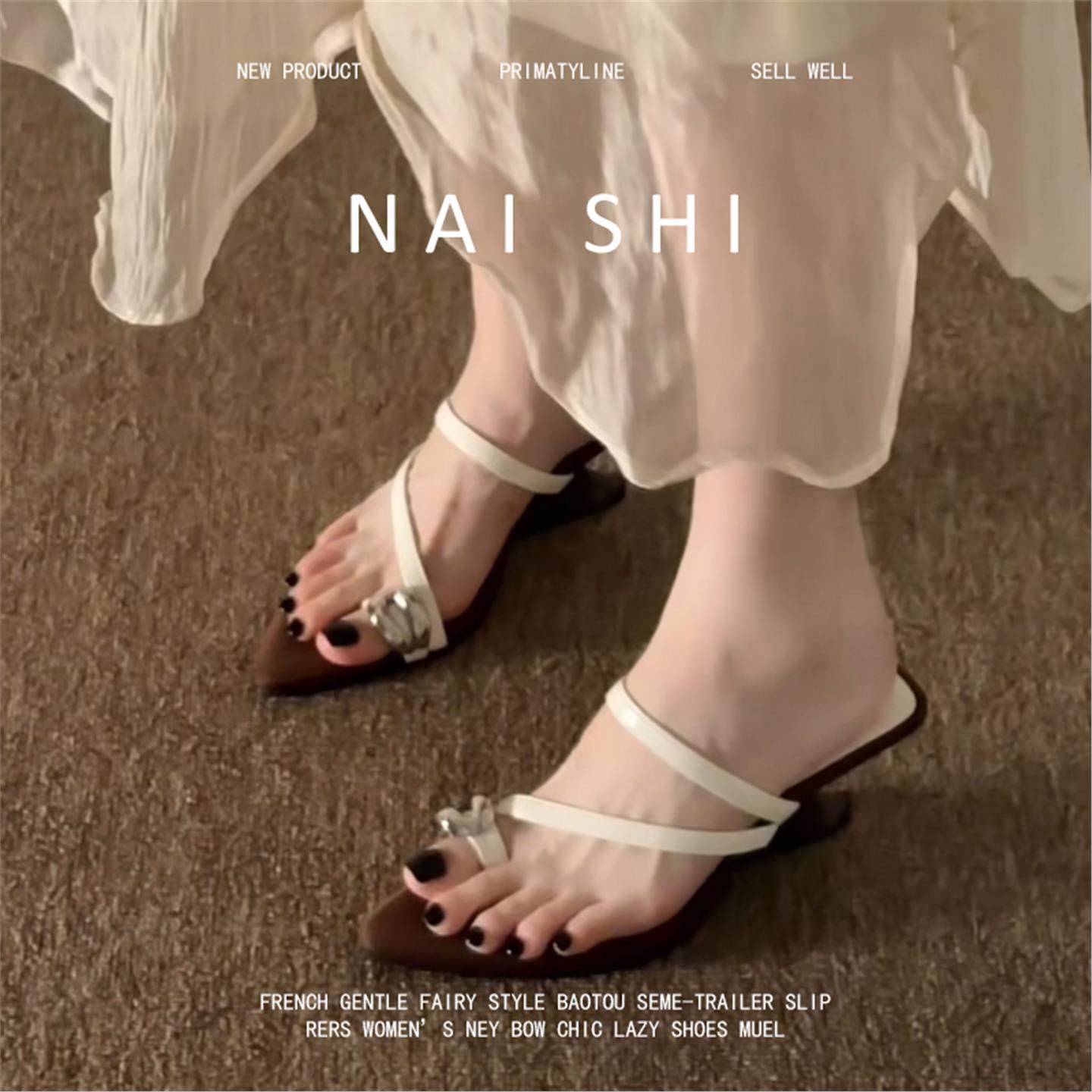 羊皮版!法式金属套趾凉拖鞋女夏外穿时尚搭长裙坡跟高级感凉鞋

--

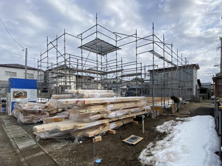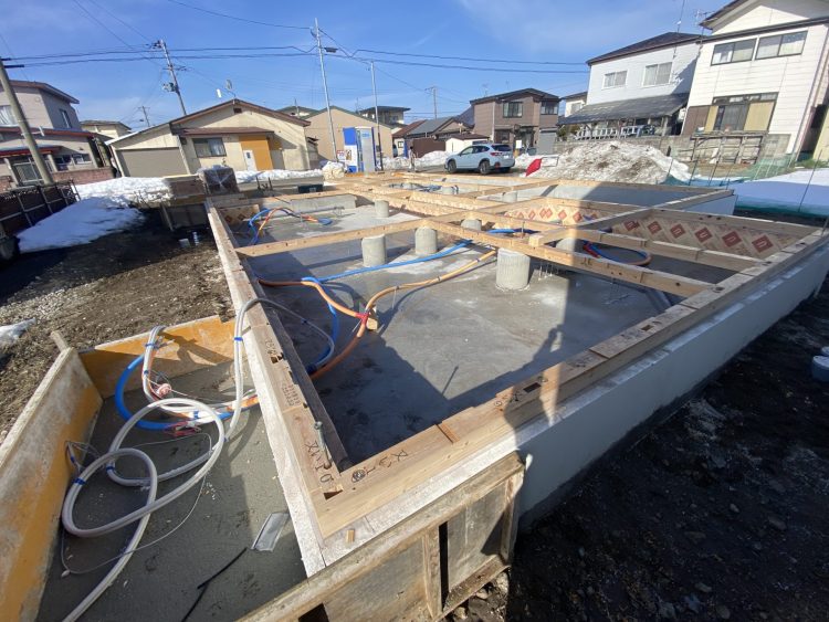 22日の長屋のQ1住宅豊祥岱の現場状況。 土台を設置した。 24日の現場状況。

...

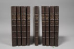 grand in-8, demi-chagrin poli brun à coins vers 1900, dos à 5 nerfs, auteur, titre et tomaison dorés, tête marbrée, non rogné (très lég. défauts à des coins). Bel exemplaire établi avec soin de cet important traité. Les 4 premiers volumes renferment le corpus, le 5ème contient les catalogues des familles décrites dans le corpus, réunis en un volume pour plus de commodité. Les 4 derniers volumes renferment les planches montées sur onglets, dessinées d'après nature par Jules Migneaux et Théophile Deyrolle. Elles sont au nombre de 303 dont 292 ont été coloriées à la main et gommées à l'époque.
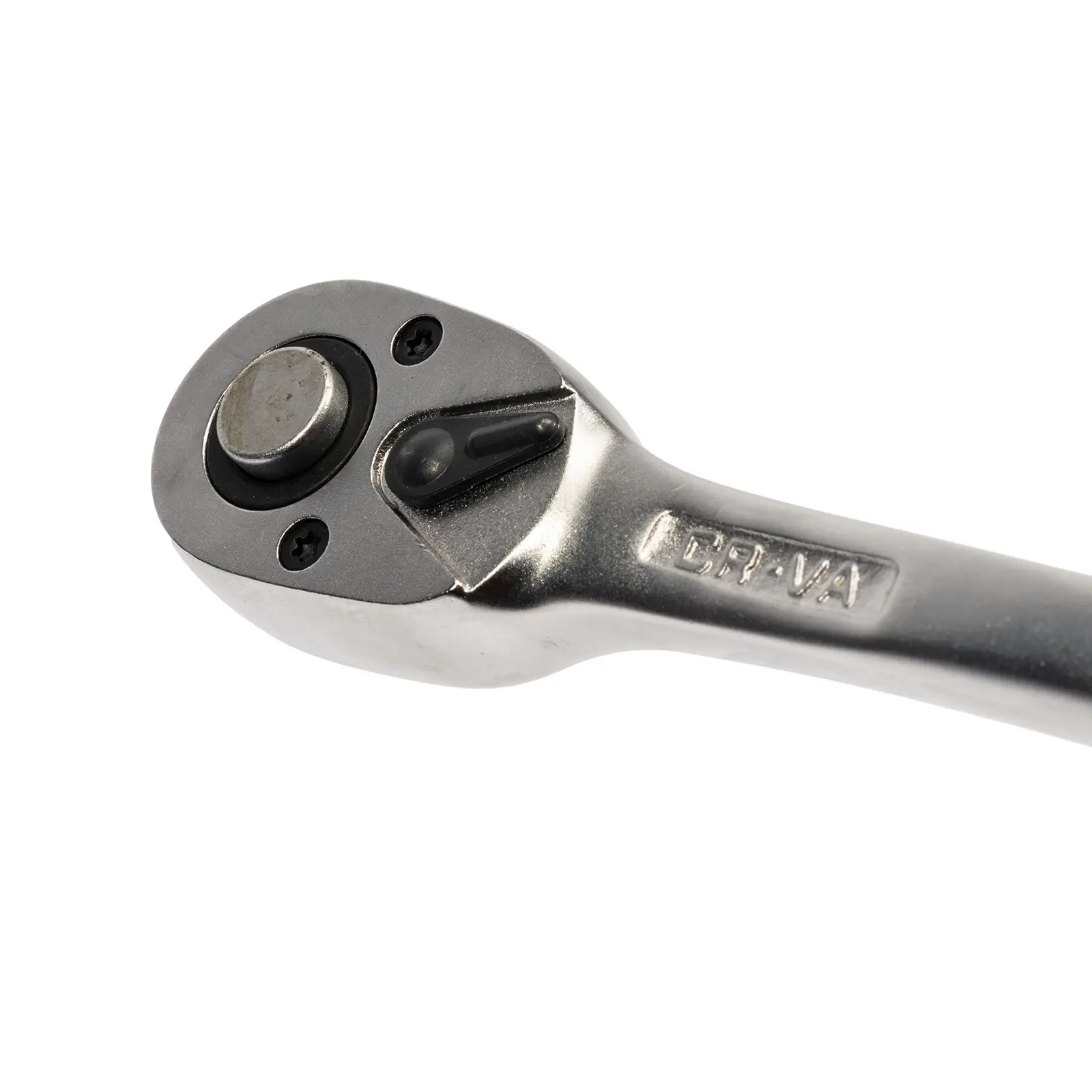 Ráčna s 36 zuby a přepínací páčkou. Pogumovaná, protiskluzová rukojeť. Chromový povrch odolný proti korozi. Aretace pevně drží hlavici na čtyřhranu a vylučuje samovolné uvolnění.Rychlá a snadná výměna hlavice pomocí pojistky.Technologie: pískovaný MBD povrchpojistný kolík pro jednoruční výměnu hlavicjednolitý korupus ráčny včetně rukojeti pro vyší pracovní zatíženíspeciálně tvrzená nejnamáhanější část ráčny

■ Required work: When you reach the line holding "grand in-8, demi-chagrin" in the listing above, begin retyping exactly, and stop once the line holding "Ráčna s 36 zuby" is done; pictures stay out.

■ Result of the task:
 grand in-8, demi-chagrin poli brun à coins vers 1900, dos à 5 nerfs, auteur, titre et tomaison dorés, tête marbrée, non rogné (très lég. défauts à des coins). Bel exemplaire établi avec soin de cet important traité. Les 4 premiers volumes renferment le corpus, le 5ème contient les catalogues des familles décrites dans le corpus, réunis en un volume pour plus de commodité. Les 4 derniers volumes renferment les planches montées sur onglets, dessinées d'après nature par Jules Migneaux et Théophile Deyrolle. Elles sont au nombre de 303 dont 292 ont été coloriées à la main et gommées à l'époque.
 Ráčna s 36 zuby a přepínací páčkou. Pogumovaná, protiskluzová rukojeť. Chromový povrch odolný proti korozi. Aretace pevně drží hlavici na čtyřhranu a vylučuje samovolné uvolnění.Rychlá a snadná výměna hlavice pomocí pojistky.Technologie: pískovaný MBD povrchpojistný kolík pro jednoruční výměnu hlavicjednolitý korupus ráčny včetně rukojeti pro vyší pracovní zatíženíspeciálně tvrzená nejnamáhanější část ráčny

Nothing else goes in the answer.